Residual standard error: 0.741 on 231 degrees of freedom
Multiple R-squared:  0.6637, Adjusted R-squared:  0.6302 
F-statistic: 19.82 on 23 and 231 DF,  p-value: < 2.2e-16 

> # What is the multiplicative effect of the wind variable?
> exp(lin.reg$coefficients["gust.wind"])

> # Apply the model to the testing data (i.e., make predictions) ...
> # (Don't forget to exponentiate the results to revert the log transformation)
> test.pred.lin <- exp(predict(lin.reg,test))-1
> # ...and evaluate the accuracy
> RMSE.lin.reg <- sqrt(mean((test.pred.lin-test$rain)^2))
> RMSE.lin.reg
[1] 10.26189
> MAE.lin.reg <- mean(abs(test.pred.lin-test$rain))
> MAE.lin.reg
[1] 4.713084

Here are the main conclusions about the model we have just built:
  • The R-squared is 0.66, which means that 66% of the variance in our dependent variable can be explained by the set of predictors in the model; at the same time, the adjusted R-squared is not far from that number, meaning that the original R-squared has not been artificially increased by adding variables to the model. Note that the R-squared can only increase or stay the same by adding variables, whereas the adjusted R-squared can even decrease if the variable added doesn't help the model more than what is expected by chance;
  • All the variables are statistically significant (p < 0.05), as expected from the way the model was built, and the most significant predictor is the wind gust (p = 7.44e-12). The advantage of doing a log transformation is that, if the regression coefficient is small (i.e. -0.1 to 0.1), a unit increase in the independent variable yields an increase of approximately coeff*100% in the dependent variable.
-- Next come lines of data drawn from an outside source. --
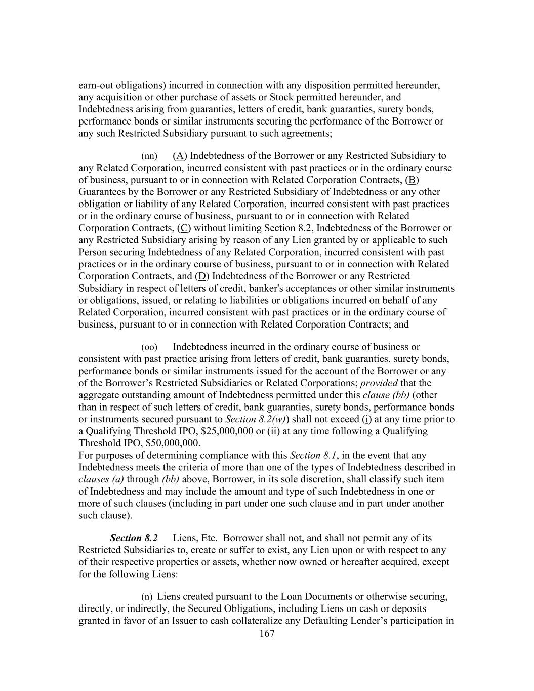 167 earn-out obligations) incurred in connection with any disposition permitted hereunder, any acquisition or other purchase of assets or Stock permitted hereunder, and Indebtedness arising from guaranties, letters of credit, bank guaranties, surety bonds, performance bonds or similar instruments securing the performance of the Borrower or any such Restricted Subsidiary pursuant to such agreements; (nn) (A) Indebtedness of the Borrower or any Restricted Subsidiary to any Related Corporation, incurred consistent with past practices or in the ordinary course of business, pursuant to or in connection with Related Corporation Contracts, (B) Guarantees by the Borrower or any Restricted Subsidiary of Indebtedness or any other obligation or liability of any Related Corporation, incurred consistent with past practices or in the ordinary course of business, pursuant to or in connection with Related Corporation Contracts, (C) without limiting Section 8.2, Indebtedness of the Borrower or any Restricted Subsidiary arising by reason of any Lien granted by or applicable to such Person securing Indebtedness of any Related Corporation, incurred consistent with past practices or in the ordinary course of business, pursuant to or in connection with Related Corporation Contracts, and (D) Indebtedness of the Borrower or any Restricted Subsidiary in respect of letters of credit, banker's acceptances or other similar instruments or obligations, issued, or relating to liabilities or obligations incurred on behalf of any Related Corporation, incurred consistent with past practices or in the ordinary course of business, pursuant to or in connection with Related Corporation Contracts; and (oo) Indebtedness incurred in the ordinary course of business or consistent with past practice arising from letters of credit, bank guaranties, surety bonds, performance bonds or similar instruments issued for the account of the Borrower or any of the Borrower’s Restricted Subsidiaries or Related Corporations; provided that the aggregate outstanding amount of Indebtedness permitted under this clause (bb) (other than in respect of such letters of credit, bank guaranties, surety bonds, performance bonds or instruments secured pursuant to Section 8.2(w)) shall not exceed (i) at any time prior to a Qualifying Threshold IPO, $25,000,000 or (ii) at any time following a Qualifying Threshold IPO, $50,000,000. For purposes of determining compliance with this Section 8.1, in the event that any Indebtedness meets the criteria of more than one of the types of Indebtedness described in clauses (a) through (bb) above, Borrower, in its sole discretion, shall classify such item of Indebtedness and may include the amount and type of such Indebtedness in one or more of such clauses (including in part under one such clause and in part under another such clause). Section 8.2 Liens, Etc. Borrower shall not, and shall not permit any of its Restricted Subsidiaries to, create or suffer to exist, any Lien upon or with respect to any of their respective properties or assets, whether now owned or hereafter acquired, except for the following Liens: (n) Liens created pursuant to the Loan Documents or otherwise securing, directly, or indirectly, the Secured Obligations, including Liens on cash or deposits granted in favor of an Issuer to cash collateralize any Defaulting Lender’s participation in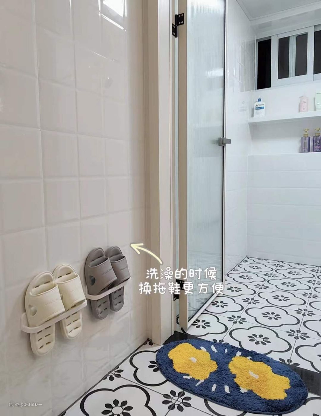 安排上了拖鞋架,洗完澡就把凉拖挂上去,换上干燥的棉拖,让湿区以外的空间保持干燥,更加整洁与安全。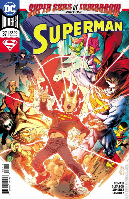 SUPER SONS OF TOMORROW, PART 1 - DARK OF THE SON The Batman of Tomorrow travels to the present to prevent a cataclysmic disaster before it happens, revealing that Superboy will soon be responsible for the death of millions. But Superman will do anything to protect his son…and the Batman of Tomorrow is unwavering in his resolve to take down the Boy of Steel. Don’t miss a clash of titanic proportion in the opening chapter of this game-changing story! Continued in Super Sons #11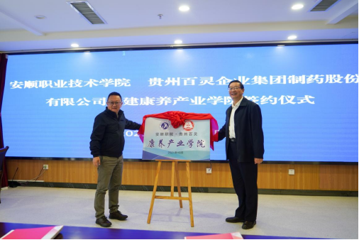 百灵康养产业学院筹建于2020年,经过一年的试运行后于2021年正式挂牌,依托我院省级高水平专业群健康服务技术专业群及贵州百灵企业集团制药股份有限公司共同组建。在安顺市委、市政府的关心帮助下,协同安顺市卫健局、安顺市农业农村局、安顺市科技局、安顺市医学会、安顺市人民医院、安顺市中医院、安顺市妇幼保健院、贵州健一生药业等利益相关部门共同推进建设。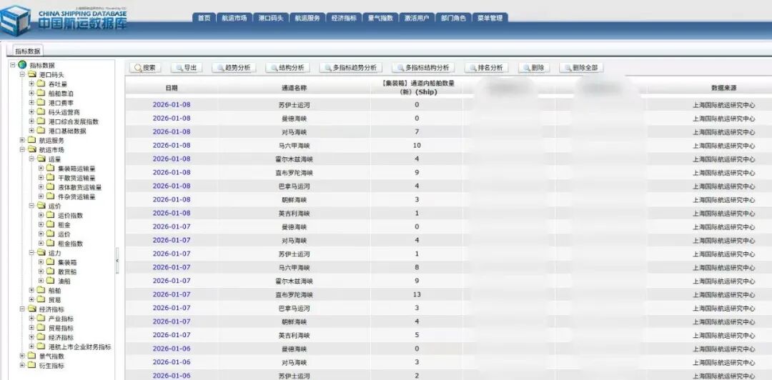 中国航运数据库是国内首创的整合国内外港航领域统计数据、信息资源的一站式公共服务平台。旨在为政府机关、航运企业、科研院校等各类用户提供便捷的查询和数据分析等功能的一站式数据服务。面向港航业提供包含航运市场、港口码头、航运服务、经济指标、景气指数5大板块指标数据。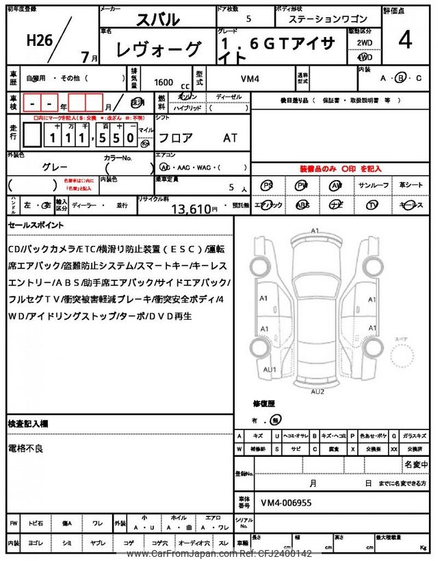 Subaru Levorg 2014 for sale in Tanzania - Tzs. 23,775,972 (Duty not paid)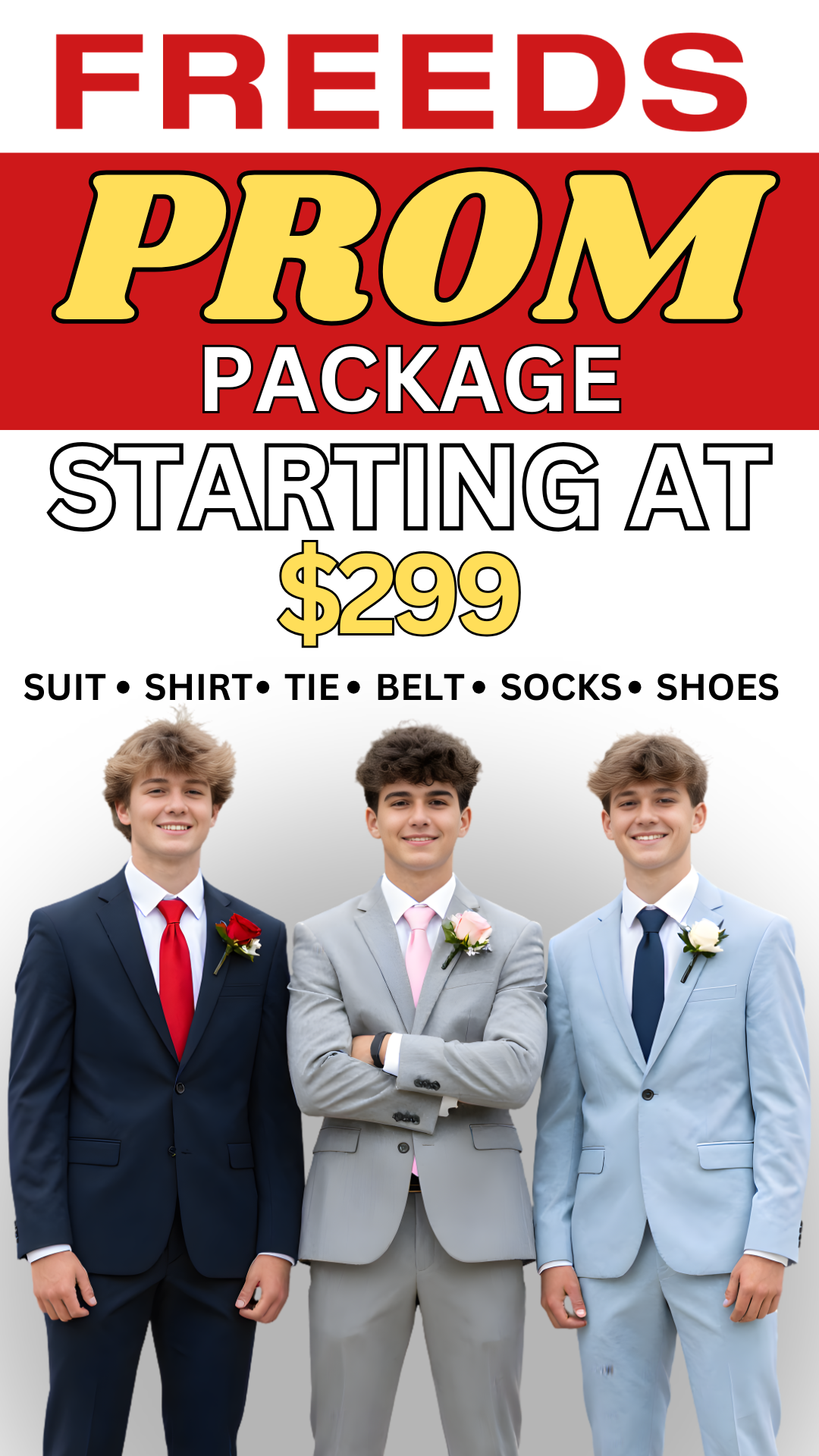 For just $299, get a complete look: suit, shirt, tie, belt, socks, and shoes! Discover why FREEDS is Windsor's top choice for suits today!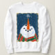 A minha pintura de um boneco de neve com um floco de neve no nariz da cenoura faz desta camisola confortável uma obra de arte de Natal para vestir!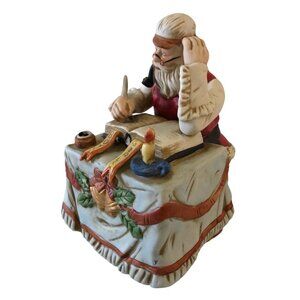 This charming Santa figurine music box plays "You Better Watch Out" while Santa checks his naughty and nice list. Perfect for holiday decor or as a gift for both boys and girls, this collectible item adds festive cheer to any room.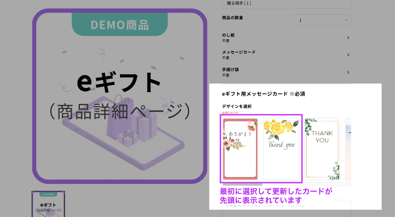 順番を確定させる 上記の操作を繰り返すことで、更新ボタンを押した順にストアフロントへ表示されます。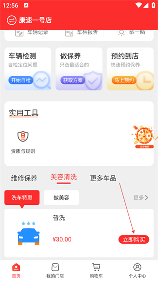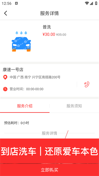 2、进入门店页后,选择服务项目如【普洗】,点击【立即购买】。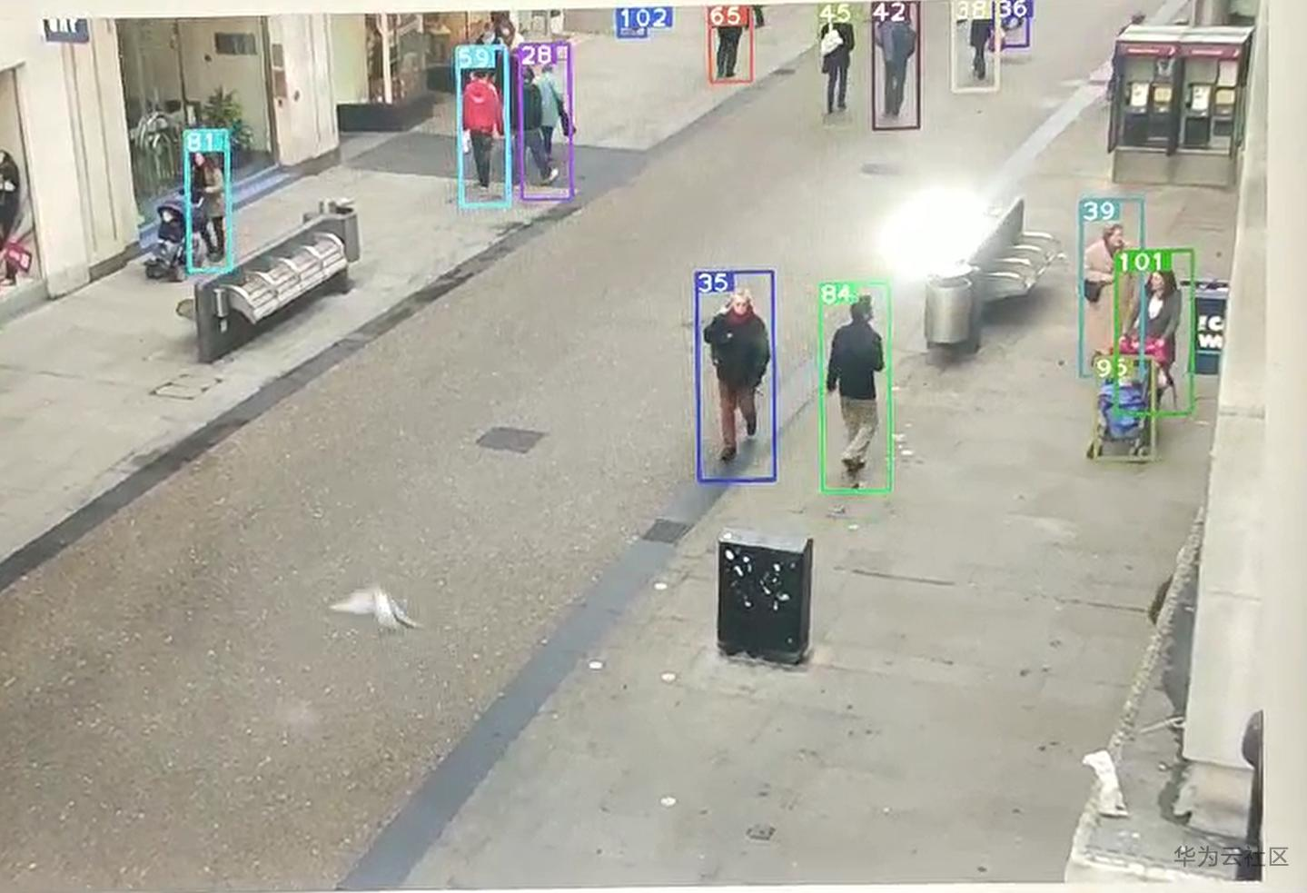 最近在用Atlas 200 DK,正好在学习行人跟踪方面知识,做了个行人检测和跟踪的Demo,使用华为云ModelArts预置算法YOLOv_ResNet18做行人检测,Sort算法做跟踪,结果类似如下(因为写视频有问题,就只能逐张保存成图片了):
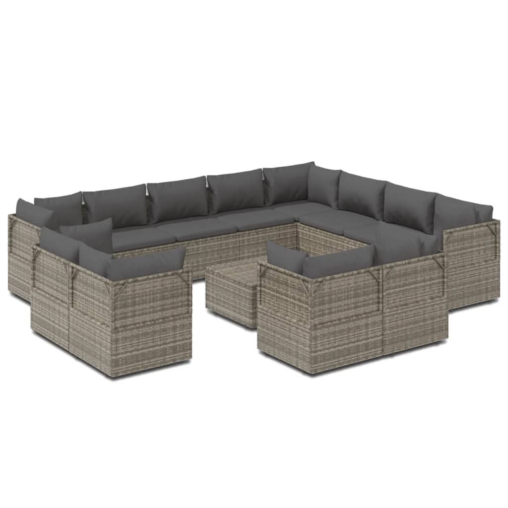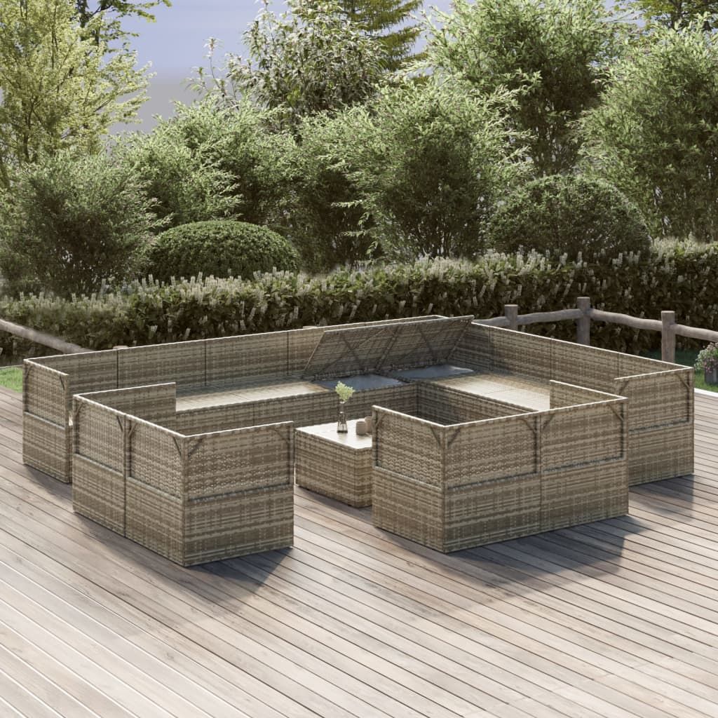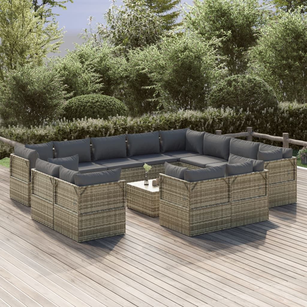 13-cz. zestaw wypoczynkowy do ogrodu, poduszki, szary rattan PE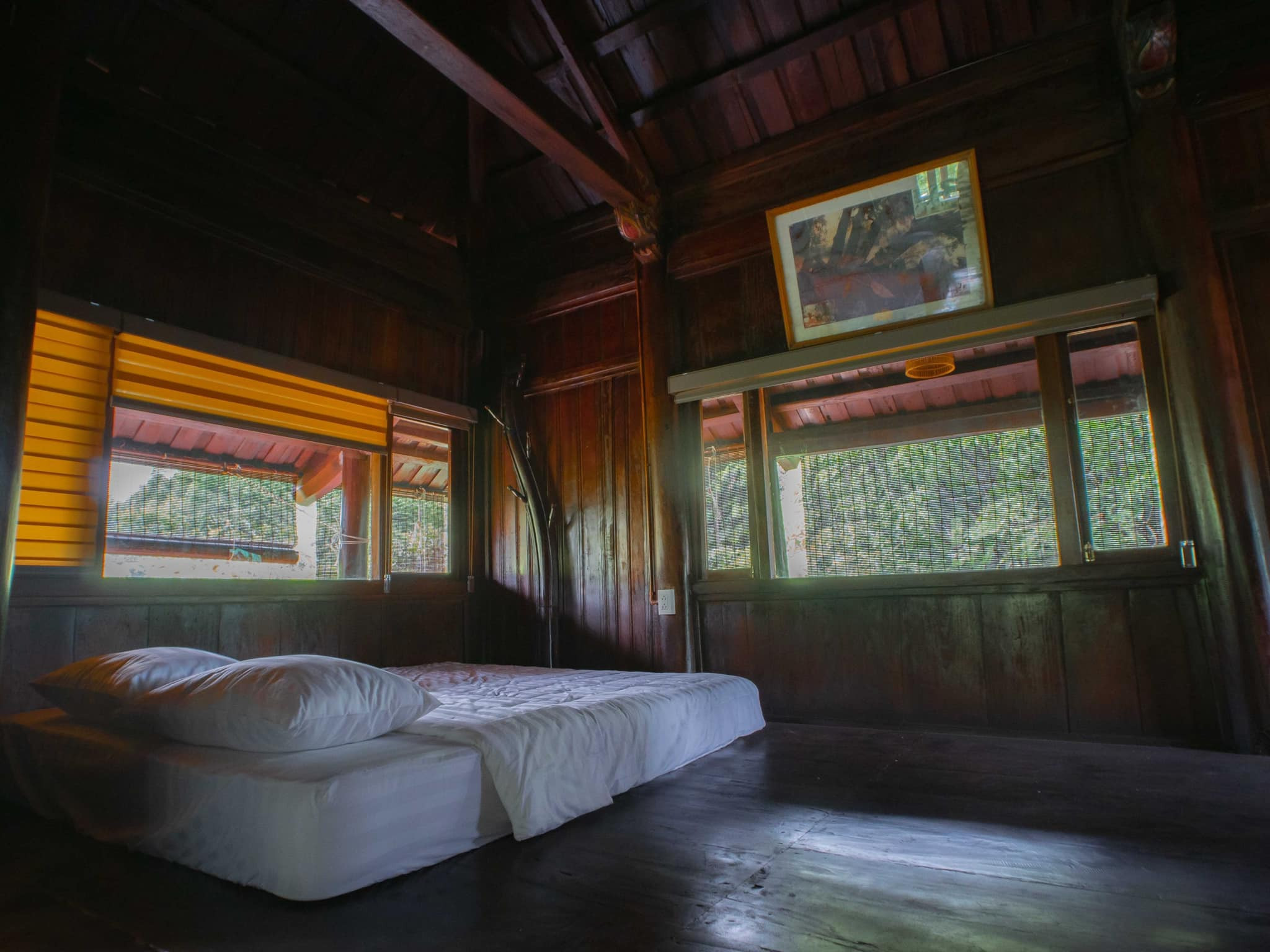 Tầng 2 có phòng ngủ lớn, cũng là không gian sinh hoạt chung của cả nhà. Phần này anh giữ nguyên bản, chỉ kê thêm giường. Từ đây có thể phóng tầm mắt nhìn ra đồi núi và khoảng vườn trồng rau sạch cho 4 mùa.

To be clear, the coefficient of the wind gust is 0.062181. It means that a unit increase in the gust wind (i.e., increasing the wind by 1 km/h), increases the predicted amount of rain by approximately 6.22%. You can always exponentiate to get the exact value (as I did), and the result is 6.42%. By the same token, for each degree (ºC) the daily high temperature increases, the predicted rain increases by exp(-0.197772) = 0.82 (i.e., it decreases by 18%);
  • Both the RMSE and MAE have decreased significantly when compared with the baseline model, which means that this linear model, despite all the linearity issues and the fact that it predicts negative values of rain in some days, is still much better, overall, than our best guess. 
We will see later, when we compare the fitted vs actual values for all models, that this model has an interesting characteristic: it predicts reasonably well daily rain amounts between 0 and 25 mm, but the predicting capability degrades significantly in the 25 to 70mm range.


Decision trees


A decision tree (also known as regression tree for continuous outcome variables) is a simple and popular machine learning algorithm, with a few interesting advantages over linear models: they make no assumptions about the relation between the outcome and predictors (i.e., they allow for linear and non-linear relations); the interpretability of a decision tree could not be higher - at the end of the process, a set of rules, in natural language, relating the outcome to the explanatory variables, can be easily derived from the tree. Furthermore, a decision tree is the basis of a very powerful method that we will also use in this tutorial, called random forest.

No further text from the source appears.